1913年在专利文献中首次描述了VIG装置,但是,尽管概念简单并且从那以后进行了数十年的研究,但是第一个VIG装置实际上在1989年才制造出来,而市场上出现的第一个商业版本不早于1996年。VIG装置代表着想法比其实际实现出现得早得多的典型实例,因为许多技术方面阻碍了实际工作装置的实现。在VIG装置成功的关键因素中,可以提及间隔件的材料、形状和定位,以及边缘密封剂的材料和加工;玻璃及其涂层的品质(通常提供低发射率和抗反射特性);以及用于VIG抽空的接口、管和方法。
另一方面,在家用建筑和商业建筑二者中,愈来愈感觉到需要通过用越来越大的玻璃同时改善外部墙的隔热和透明度来提高建筑物的能源效率。因此,建筑行业正在努力提供用于建筑物的更有效的VIG装置。
为了保持VIG装置的隔热,必须保持高真空水平(10-3托或更低):从外部环境渗透到装置的密封空间中的大气气体越少,内部抽空空间内的压力将越低。
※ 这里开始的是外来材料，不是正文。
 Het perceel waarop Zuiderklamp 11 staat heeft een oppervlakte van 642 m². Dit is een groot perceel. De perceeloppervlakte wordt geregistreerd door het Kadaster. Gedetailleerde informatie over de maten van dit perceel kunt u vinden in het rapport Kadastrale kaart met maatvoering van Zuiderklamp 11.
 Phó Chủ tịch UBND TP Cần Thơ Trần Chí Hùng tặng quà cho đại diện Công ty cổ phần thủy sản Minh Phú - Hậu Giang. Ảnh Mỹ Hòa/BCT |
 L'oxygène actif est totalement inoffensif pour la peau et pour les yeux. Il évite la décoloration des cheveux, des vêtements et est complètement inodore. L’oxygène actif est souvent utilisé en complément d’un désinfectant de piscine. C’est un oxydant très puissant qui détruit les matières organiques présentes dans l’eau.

玻璃和金属是具有可忽略的渗透率的材料,因此乍一看它们可以被认为是完美的屏障,但对于在不同程度上易于气体渗透的聚合物材料而言并非如此。从这个意义上来说,使用玻璃料(glass frit)或焊接金属条提供了密封的边缘密封剂,并且VIG装置中的压力演变仅来自除气过程。这允许较低的吸气剂量,通常是一个或两个非蒸散型吸气剂(NEG)烧结丸,或几平方厘米的蒸散型钡。相反,聚合物根据定义是半渗透材料,并且由于除气过程和渗透过程二者,使用所述聚合物作为VIG边缘密封剂需要处理更大的气体量,产生超出任何吸气剂方案的最大可接受尺寸的风险。从这个意义上来说,通常认为聚合物无法满足VIG应用的严格的气体渗透率要求,如也被Collins教授(其被认为是现代VIG之父)在2017年的陈述所证实的:“目前所有可用聚合物材料对于该应用而言渗透性太强。在作者看来,这不太可能改变。”[参见Conference Proceedings of Glass Performance Days GPD 2017,第264至267页]。因此,在VIG装置中使用常规的聚合物材料作为密封剂似乎不可行。
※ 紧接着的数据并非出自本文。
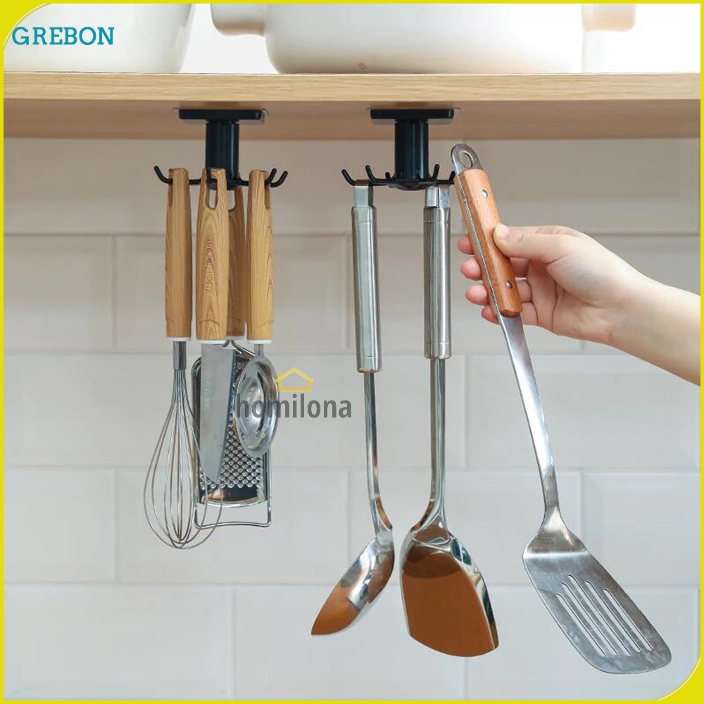 ๐ฃ ISI KEMASAN โ 1 x GREBON Gantungan Peralatan Dapur 6 Hook Hanger - E008 โ 1 x Perekat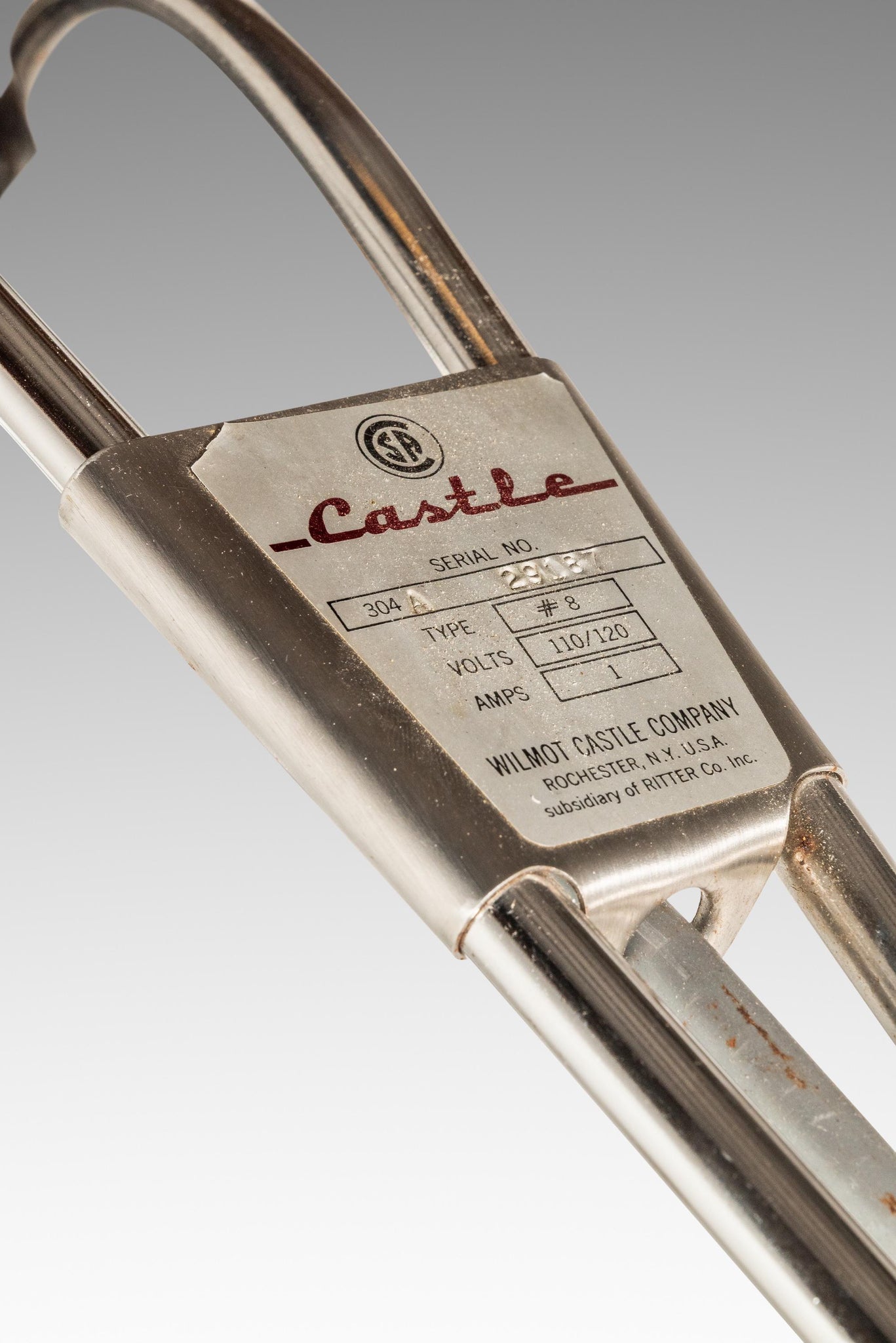 About: Introducing an authentically vintage Mid-Century Modern surgical lamp in character rich patina. Built from solid steel by the Castle Wilmot Company, based in New York, this floor lamp is a testament of to American craftmanship during the early 1960s. Able to turn 360 degrees and articulate up and down and side to side via a handy control knob this heavy duty floor lamp is as functional as it is visually captivating.

在一定程度上,已知吸气剂体系可以通过吸收N2、O2、CO2、CO和H2O而用于处理大气气体;但是对于吸气剂而言大的气体渗透率是不能承受的并且可能导致不可行的负载。此外,由于惰性气体不能被吸除并且Ar占总大气组成的≈1%体积/体积,因此对于VIG应用的阻挡特性目标由密封剂Ar渗透率限定,足够低以保证在整个VIG使用寿命内VIG内部的Ar压力演变不超过10-3托。根据VIG尺寸和密封边缘宽度,该目标Ar渗透率可以估计在10-2÷10- 3barrer的范围内。迄今为止,用作隔热玻璃的二次密封剂的商用聚合物的Ar渗透率比VIG的目标高一至两个数量级。因此,需要更有效的解决方案以提供能够通过基于聚合物的密封剂实现的VIG装置。
欧洲专利申请公开第2576950号公开了VIG装置,其建议使用有机粘合剂密封剂,但设置有无机涂层。该文献指出“没有已知的粘合剂或环氧树脂是足够不可渗透以防止在VIG装置使用寿命期间大气气体进入其腔体”。事实上,该申请要求保护“设置在粘合剂层上的高度密封的涂层,其中所述涂层为无机层”。
美国专利申请公开第US2007178256号也要求保护有机气体密封剂,但其仅提及使用低热导率气体填充以提供隔热的隔热而非抽空的玻璃。使用填充气体的隔热玻璃(IG)在市场上普及推广,但它们与VIG是完全不同类别的装置,具有与VIG相比差得多的热性能和简单得多的生产工艺。
据申请人所知,描述了在VIG装置的边缘密封中使用有机材料的仅有的专利文献是专利号CN107285650和EP1794404。具体地,欧洲专利第EP1794404描述了使用环氧材料、丙烯酸酯材料、丁基材料、聚氨酯材料、多硫化物材料、丙烯酸类材料及其混合物作为用于密封剂的有机材料。EP1794404中没有提供关于所得VIG装置的气体渗透率的进一步信息或建议,但在同类最佳材料(即环氧复合材料)的文献中,报告了Ar的渗透率在0.1Barrer至0.6Barrer的范围内。报告了其他提及的密封剂系列例如丁基橡胶表现出0.85至1.1的范围内的Ar的渗透率,而对于多硫化物材料为0.8至1.5,丙烯酸酯和聚氨酯通常根据渗透性[L.K.Massey,Permeability properties of plastics and elastomers:a guide topackaging and barrier materials,William Andrew,2003]。对于其他大气气体的情况甚至更严重:O2和N2通常具有与Ar相同量级的渗透率,但它们的丰度高一至两个数量级,因此它们的渗透相应地更高。甚至最糟糕的情况是,水蒸气相对于其他永久气体通常显示出更大的渗透率(通常表示为水蒸气透过率(WVTR)),随之而来的结果是腔体内的压力升高以及热性能丧失。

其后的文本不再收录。